Perhaps the real question is how fast is the progress in vaccination. Perhaps it took weeks to get to the dark circle and then days to get beyond. In order to improve this data visualization, we must first decide what the question really is.


Now let's get to those nested bubbles. The bubble chart is a format that is not "sufficient," by which I mean the visual by itself does not convey the data without the help of aids such as labels. Try to answer the following questions:


In my view, if your answer to the last question is anything more than 5 seconds, the dataviz has failed. A successful data visualization should not make readers solve puzzles.

The first two questions depict the confusing nature of concentric circle diagrams. The first data point is coded to the inner circle. Where is the second data point? Is it encoded to the outer circle, or just the outer ring?

In either case, human brains are not trained to compare circular areas. For question 1, the outer circle is 70% larger than the smaller circle. For question 2, the ring is 70% of the area of the dark blue circle. If you're thinking those numbers seem unreasonable, I can tell you that was my first reaction too! So I made the following to convince myself that the calculation was correct:


Circular areas offer misleading visual cues, and should be used sparingly.

[P.S. 2/10/2021. In the next post, I sketch out an alternative dataviz for this dataset.]

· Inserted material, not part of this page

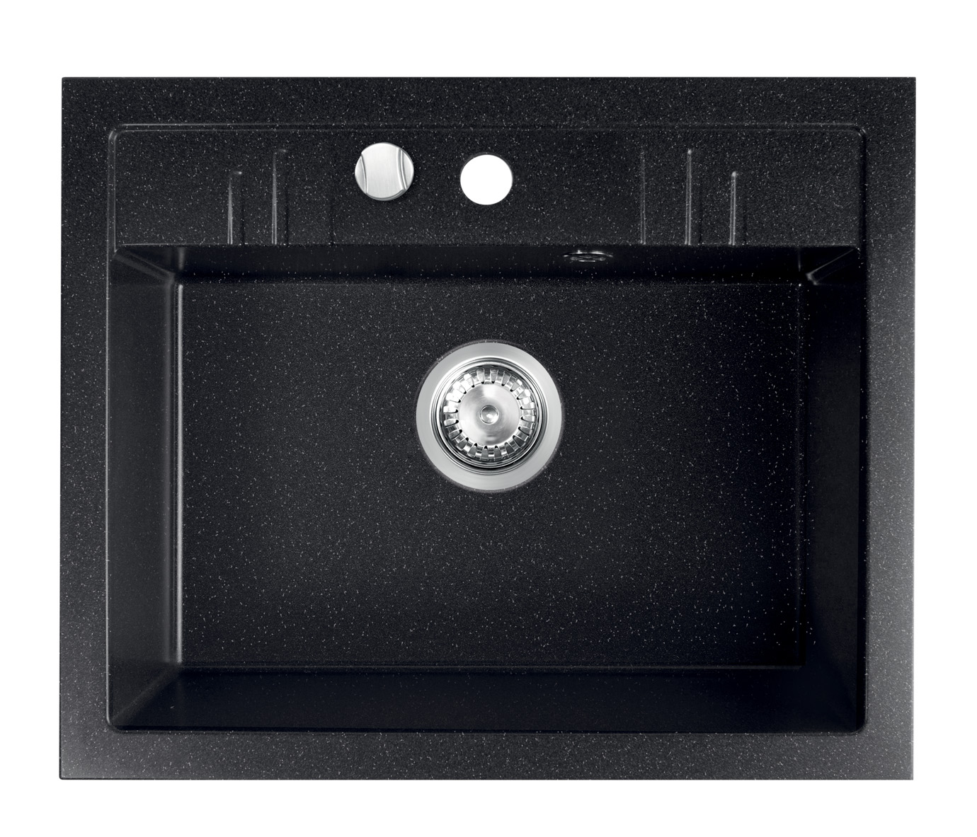 Granitový dřez s přepadem. Dřez má rozměry 58x48 cm a hloubku 17,6 cm. Automatické otevírání a zavírání výpusti knoflíkem. Součástí balení je sifon.

Illustrating differential growth rates

Reader Mirko was concerned about a video published in Germany that shows why the new coronavirus variant is dangerous. He helpfully provided a summary of the transcript:

The South African and the British mutations of the SARS-COV-2 virus are spreading faster than the original virus. On average, one infected person infects more people than before. Researchers believe the new variant is 50 to 70 % more transmissible.

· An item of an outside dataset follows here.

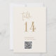 Diese moderne schicke Vintage QR Code Tischnummer eignet sich perfekt für eine einfache Hochzeit. Das neutrale Boho-Design zeichnet sich durch eine einzigartige und stilvolle böhmische Typografie in minimaler Gold- und Elfenbeinfarbe aus. Die Karte druckt auf der Vorder- und Rückseite (beidseitig). Verwenden Sie den Bar-Code, um auf Ihr Menü zu verlinken, oder eine Website oder ein Social Media, wo Ihre Gäste Fotos teilen können. Fügen Sie jede Tischnummer, die Sie benötigen, einzeln in Ihren Warenkorb.
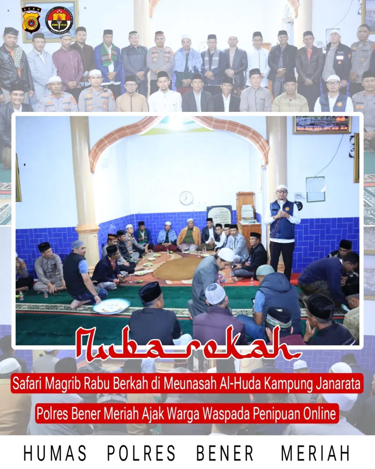 Annanews.co.id || Bener Meriah – Polres Bener Meriah bersama IAIN Takengon dan Pemkab Bener Meriah menggelar kegiatan Safari Maghrib Rabu Berkah (Mubarakah) di Meunasah Al-Huda Kampung Janarata, Kecamatan Bandar, Rabu malam (15/10/2025).

Here are two key moments in the video:


This seems to be saying the original virus (left side) replicates 3 times inside the infected person while the new variant (right side) replicates 19 times. So we have a roughly 6-fold jump in viral replication.


Later in the video, it appears that every replicate of the old virus finds a new victim while the 19 replicates of the new variant land on 13 new people, meaning 6 replicates didn't find a host.

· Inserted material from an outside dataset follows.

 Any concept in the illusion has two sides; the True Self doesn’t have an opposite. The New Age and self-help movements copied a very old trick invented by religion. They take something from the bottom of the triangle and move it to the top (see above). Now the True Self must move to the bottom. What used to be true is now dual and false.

As Mirko pointed out, the visual appears to have run away from the data. (In our Trifecta Checkup, we have a problem with the arrow between the D and the V corners. What the visual is saying is not aligned with what the data are saying.)


It turns out that the scientists have been very confusing when talking about the infectiousness of this new variant. The most quoted line is that the British variant is "50 to 70 percent more transmissible". At first, I thought this is a comment on the famous "R number". Since the R number around December was roughly 1 in the U.K, the new variant might bring the R number up to 1.7.

However, that is not the case. From this article, it appears that being 5o to 70 percent more transmissible means R goes up from 1 to 1.4. R is interpreted as the average number of people infected by one infected person.

Mirko wonders if there is a better way to illustrate this. I'm sure there are many better ways. Here's one I whipped up:


The left side is for the 40% higher R number. Both sides start at the center with 10 infected people. At each time step, if R=1 (right side), each of the 10 people infects 10 others, so the total infections increase by 10 per time step. It's immediately obvious that a 40% higher R is very serious indeed. Starting with 10 infected people, in 10 steps, the total number of infections is almost 1,000, almost 10 times higher than when R is 1.

The lines of the graphs simulate the transmission chains. These are "average" transmission chains since R is an average number.


P.S. [1/29/2021: Added the missing link to the article in which it is reported that 50-70 percent more transmissible implies R increasing by 40%.]